Reflections on Facebook

Reflections on Facebook


Recently, the question was posed in the "What are you learning on Facebook" group: what is your big "aha?" I'm not sure I've had one big 'aha', but rather a series of small ones -- about immediacy of connections, visualizing one's friend network, and the power of weak ties over strong ones.

Here is an updated version of the answer I posted on the "What are you learning on Facebook" group [link only available to Facebook subscribers]:. The complete question which Marcia Connor asked was, "Has Facebook provided you a big "aha!" moment because you found, figured out, discovered or had introduced to you something that helped you make connections you hadn't before?"

To date, it feels as if I've had a series of smaller 'aha's' rather than one big one:

1) FB creates immediacy of connections while online -- connections are easier to reach. So I keep in better touch with family members and notice that they keep in better touch as well. It may not sound like much, but I get somewhat more info about them than I would otherwise get.

2) A corollary is that FB is like a giant living compliation of one's friend network which one can monitor and be connected to others at times and ways of one's choosing. Like Basecamp, its utility is deceptively simple -- it doesn't look like it should amount to much, but there's something about building one's life network of friends and then having it visually instantiated, rapidly accessible. It is an incomplete network -- more of my friends are missing from Facebook than are there -- but what's there has a certain wholeness that didn't exist previously. And then there's the access to a new network of loosely tied 'friends' (see below).

2a) As a result, FB has already enabled me to help others make connections or have interactions which otherwise would never have happened.

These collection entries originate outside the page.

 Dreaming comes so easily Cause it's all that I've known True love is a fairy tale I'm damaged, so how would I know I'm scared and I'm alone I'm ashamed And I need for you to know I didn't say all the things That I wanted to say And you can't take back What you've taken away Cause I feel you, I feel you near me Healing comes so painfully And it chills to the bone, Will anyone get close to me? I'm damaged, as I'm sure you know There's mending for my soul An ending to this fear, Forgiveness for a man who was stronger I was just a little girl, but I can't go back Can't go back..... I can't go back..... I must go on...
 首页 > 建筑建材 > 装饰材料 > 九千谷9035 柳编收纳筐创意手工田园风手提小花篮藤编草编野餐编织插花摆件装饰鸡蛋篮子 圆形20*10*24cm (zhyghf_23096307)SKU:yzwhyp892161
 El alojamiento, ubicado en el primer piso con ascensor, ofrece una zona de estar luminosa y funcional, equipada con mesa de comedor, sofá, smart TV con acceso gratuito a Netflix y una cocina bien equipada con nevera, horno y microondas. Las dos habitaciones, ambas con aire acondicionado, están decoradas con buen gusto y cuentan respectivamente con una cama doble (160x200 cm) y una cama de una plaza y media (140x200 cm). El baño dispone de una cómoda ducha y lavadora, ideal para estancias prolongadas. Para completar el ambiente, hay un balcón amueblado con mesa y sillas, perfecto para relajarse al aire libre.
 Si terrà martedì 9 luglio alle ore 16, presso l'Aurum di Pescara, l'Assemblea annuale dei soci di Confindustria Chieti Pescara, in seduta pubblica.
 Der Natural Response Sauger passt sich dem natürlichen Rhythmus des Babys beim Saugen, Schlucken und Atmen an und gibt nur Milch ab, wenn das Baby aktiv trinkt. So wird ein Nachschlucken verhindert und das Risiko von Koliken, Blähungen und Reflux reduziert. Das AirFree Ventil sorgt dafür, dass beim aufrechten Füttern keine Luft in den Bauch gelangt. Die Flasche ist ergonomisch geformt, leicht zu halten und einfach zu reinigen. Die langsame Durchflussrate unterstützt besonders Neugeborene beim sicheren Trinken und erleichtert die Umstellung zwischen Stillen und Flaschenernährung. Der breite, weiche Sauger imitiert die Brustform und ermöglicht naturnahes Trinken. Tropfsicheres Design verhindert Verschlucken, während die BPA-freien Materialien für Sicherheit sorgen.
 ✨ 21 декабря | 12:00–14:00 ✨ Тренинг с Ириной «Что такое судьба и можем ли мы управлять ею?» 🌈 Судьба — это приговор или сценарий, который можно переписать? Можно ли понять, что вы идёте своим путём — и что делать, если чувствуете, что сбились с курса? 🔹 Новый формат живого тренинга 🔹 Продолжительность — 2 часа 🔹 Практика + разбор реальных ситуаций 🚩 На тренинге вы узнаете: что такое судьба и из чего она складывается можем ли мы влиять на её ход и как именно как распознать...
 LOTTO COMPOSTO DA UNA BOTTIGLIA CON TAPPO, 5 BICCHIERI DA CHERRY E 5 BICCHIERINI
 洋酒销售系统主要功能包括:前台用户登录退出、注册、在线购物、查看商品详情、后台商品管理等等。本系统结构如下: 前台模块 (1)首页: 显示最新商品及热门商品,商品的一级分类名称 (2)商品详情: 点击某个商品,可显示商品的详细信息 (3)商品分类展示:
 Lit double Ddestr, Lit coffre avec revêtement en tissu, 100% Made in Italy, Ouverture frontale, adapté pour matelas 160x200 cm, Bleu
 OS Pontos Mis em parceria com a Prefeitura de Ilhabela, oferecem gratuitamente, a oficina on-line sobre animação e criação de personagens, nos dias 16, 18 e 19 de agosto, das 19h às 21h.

3) FB is a useful tool for getting in touch with long lost acquaintances. In the process, it's also a good self-reflection tool -- for instance, by examining the reasons why I choose or don't choose to contact someone.

4) The power of loose ties -- this was suggested to me by someone who contacted me on FB out of the blue. I had thought of FB as a network of my tight-knit friends; she re-framed it for me as a way to learn from a network of loose connections. So far, it's been very effective in that way. This may be the biggest of the 'ahas' for me.

5) I was fascinated by how Stephen Downes found a quick answer to a question he had by posting on FB -- that's cool but probably requires a friend network the size of his. That's one of the functions I'm looking to have: treating my FB (or LinkedIn?) network as a giant sounding board for ideas, answers to questions, and other inquiries that would be useful to me and interesting to my network members.

6) This is not necessarily FB-specific, but a colleague impressed upon me the importance of figuring out what you want a tool to do for you (functional requirements list) rather than going tool-happy to start. Another colleague impressed upon me the importance of trying out tools to start with just to discover what they can do. So I've been spending some time in the cognitively dissonant space created by these clashing approaches.

7) Because I've found unexpected worthwhile affordances about FB, I was more willing to give Twitter a 2nd try and am finding worthwhile affordances there too. Which in turn will make me more open to trying a new tool.

What does this have to do with online education? Tools such as FB create new possibilities for obtaining information, interacting with learning participants, and creating new knowledge. The focus should be on the specifics of these capabilities; the tools should remain means and not an end in themselves (I dread the prospect of online courses requiring the use of FB, Second Life, Twitter, et al.). But I welcome the prospect of online courses requiring students to obtain information, interact with learning participants, and create new knowledge in new ways, and then let them choose which tools help them do this with appropriate scaffolding and support.